▸ **REQUIREMENT**
In the listing below, start your output at the line with "Acheter Salle de" and end it after the line with "Description: This collection", copying every line exactly.

▸ **PROVIDED RECORDS**
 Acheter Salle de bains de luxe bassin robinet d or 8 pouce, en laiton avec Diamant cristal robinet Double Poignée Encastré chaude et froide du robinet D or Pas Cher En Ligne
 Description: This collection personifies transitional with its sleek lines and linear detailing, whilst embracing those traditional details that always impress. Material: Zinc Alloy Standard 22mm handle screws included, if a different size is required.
...
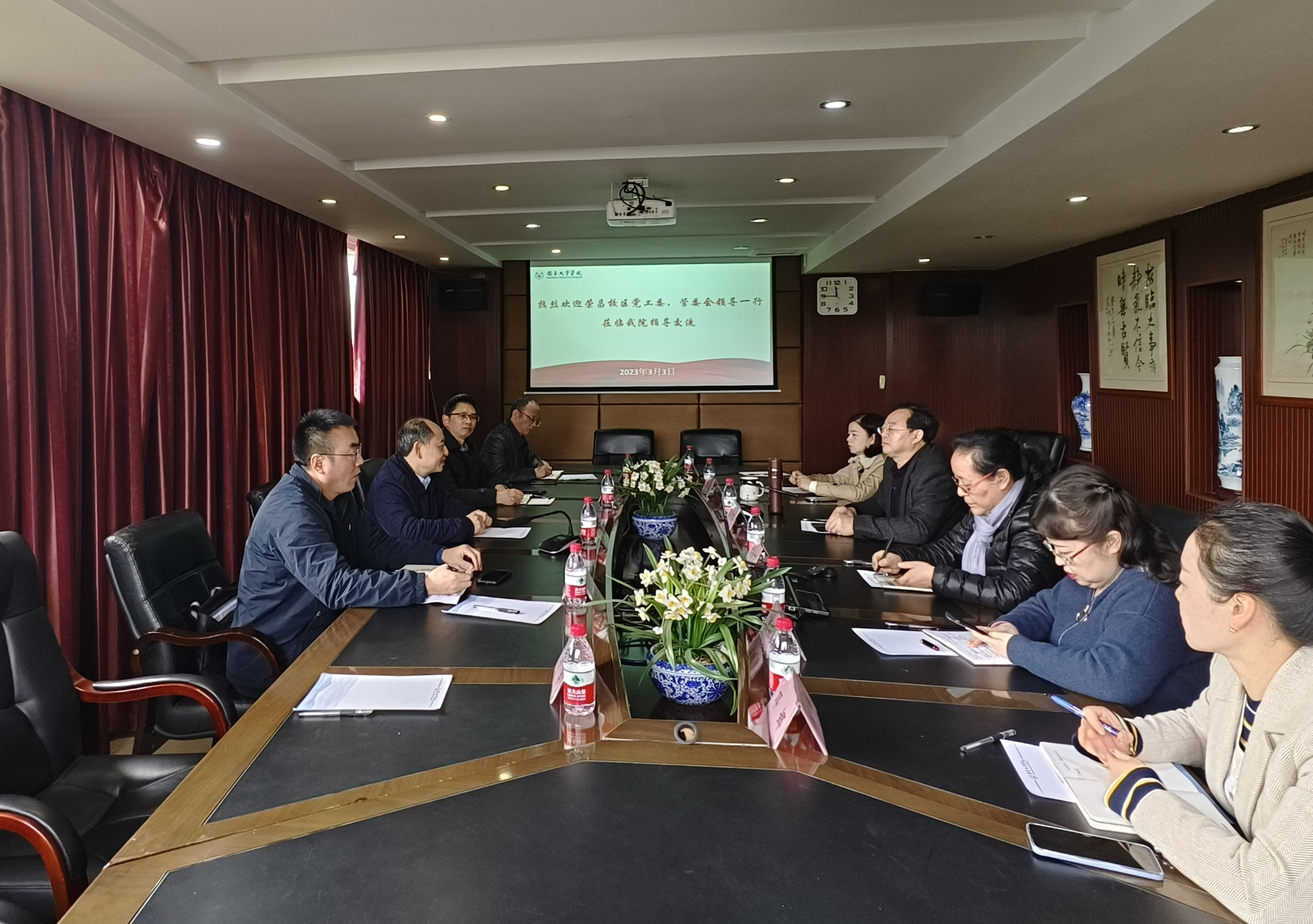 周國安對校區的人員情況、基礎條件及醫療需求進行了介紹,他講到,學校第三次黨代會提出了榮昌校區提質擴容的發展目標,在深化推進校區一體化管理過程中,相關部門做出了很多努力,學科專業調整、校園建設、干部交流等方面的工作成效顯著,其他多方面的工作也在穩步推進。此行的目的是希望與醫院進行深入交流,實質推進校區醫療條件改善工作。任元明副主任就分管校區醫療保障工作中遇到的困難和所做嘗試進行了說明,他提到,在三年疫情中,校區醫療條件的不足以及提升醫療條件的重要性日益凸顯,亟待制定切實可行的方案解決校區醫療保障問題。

▸ **REPLY TO THE EXERCISE**
 Acheter Salle de bains de luxe bassin robinet d or 8 pouce, en laiton avec Diamant cristal robinet Double Poignée Encastré chaude et froide du robinet D or Pas Cher En Ligne
 Description: This collection personifies transitional with its sleek lines and linear detailing, whilst embracing those traditional details that always impress. Material: Zinc Alloy Standard 22mm handle screws included, if a different size is required.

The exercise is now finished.